Témoin venue du pays le plus pauvre de l’hémisphère américain, l’Haïtienne Alexandre Kettly, du Mouvement paysan de Papaye (MPP), a décrit les effets dévastateurs du réchauffement climatique dans son pays, où plus de 80% de la population vit en-dessous du seuil de pauvreté avec moins de 2 dollars américains par jour. «Selon le dernier rapport de l’ONU sur le développement humain, les données d’Haïti sont comparables à celles d’un pays en guerre… Plus de 90% de la population active est au chômage, plus de 70% n’a pas accès aux soins de santé, 60% de la population est analphabète, l’espérance de vie est passée de 60 à 54 ans ces cinq dernières années. Manger un plat chaud tous les jours en Haïti est devenu un luxe…»
En Haïti, a-t-elle rappelé, les graves conséquences du changement climatique – «alors que nous ne portons aucune responsabilité pour le réchauffement» – ne font qu’aggraver la situation de délabrement du pays aux plans économique et social. Durant les trois dernières décennies, la fréquence des désastres qui ont frappé le pays, notamment les cyclones qui ont dévasté des villes entières, a augmenté de plus de 40% par rapport aux périodes précédentes. La militante haïtienne a qualifié d’injustice le fait que les pays industrialisés ou émergents craignent plus pour leur croissance économique que pour l’avenir de la planète. Elle a lancé un cri de détresse: l’inaction face à la menace posée par le changement climatique constitue à ses yeux une violation flagrante du droit à la vie de chaque être humain.

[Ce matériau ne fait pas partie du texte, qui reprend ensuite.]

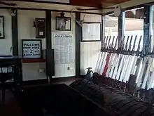 Moveable objects at the signal box complex include a platform lamp oil, (AA01); three cane hoops, two large, one small; a collected tickets box (AA13); compactus in the training room; a sign, pillows for hire 1/-, 0.5/0.5, (AS01); a circuit phone wall mounted timber, (AT01); a timber rotating chair with leather cushion and central cut-out, (CA03); and a timber table and ruling rod, 0.9/0.7/0.8, (TA01).[2][8]

Les Eglises sont sollicitées: elles doivent agir pour la sauvegarde de la Création
Présentant un «calculateur de CO2» – mis au point par PPP en collaboration avec l’association «oeku Eglise et environnement» (*), il mesure l’empreinte écologique réelle des paroisses – Miges Baumann a tenu à encourager les responsables paroissiaux à améliorer l’efficience du chauffage et l’isolation des bâtiments. «Il s’agit de faire le ménage chez soi», a-t-il lancé. Pour lui, il ne fait pas de doute, les Eglises chrétiennes, dans les pays du Nord, peuvent apporter leur contribution à la sauvegarde de la Création, c’est même un impératif.
Si les économies d’énergie réalisées par les paroisses sont allouées à un Fonds pour le climat qui promeut des projets pour la protection du climat et de l’environnement au Sud (développement de possibilités peu gourmandes en énergie pour cuisiner, éclairage économique sur une base solaire, pépinières ou programme de reforestation…) alors, les efforts des paroisses seront doublement récompensés. C’est ainsi que les capacités des populations du Sud à maîtriser et limiter l’impact de leurs activités sur l’environnement pourront être renforcées. La campagne oecuménique de carême 2009 mettra d’ailleurs l’accent sur la justice climatique, une question intimement liée à celle de la justice sociale. JB
(*) Plus de 600 paroisses, organisations liées à l’Eglise et un grand nombre de personnes sont membres de l’association «oeku Eglise et environnement», créée en 1986. Aujourd’hui, oeku est reconnue en qualité d’organe de consultation pour les questions écologiques par la Conférence des évêques suisses (CES) et la Fédération des Eglises Protestantes de Suisse (FEPS). Encore trop peu connue en Suisse romande, l’association «oeku Eglise et environnement», qui milite pour la «société à 2000 watts», propose depuis 1993 aux paroisses de célébrer chaque année «Un Temps pour la Création». Cette année, la campagne «Oasis Terre» aura lieu du 1er septembre au 4 octobre.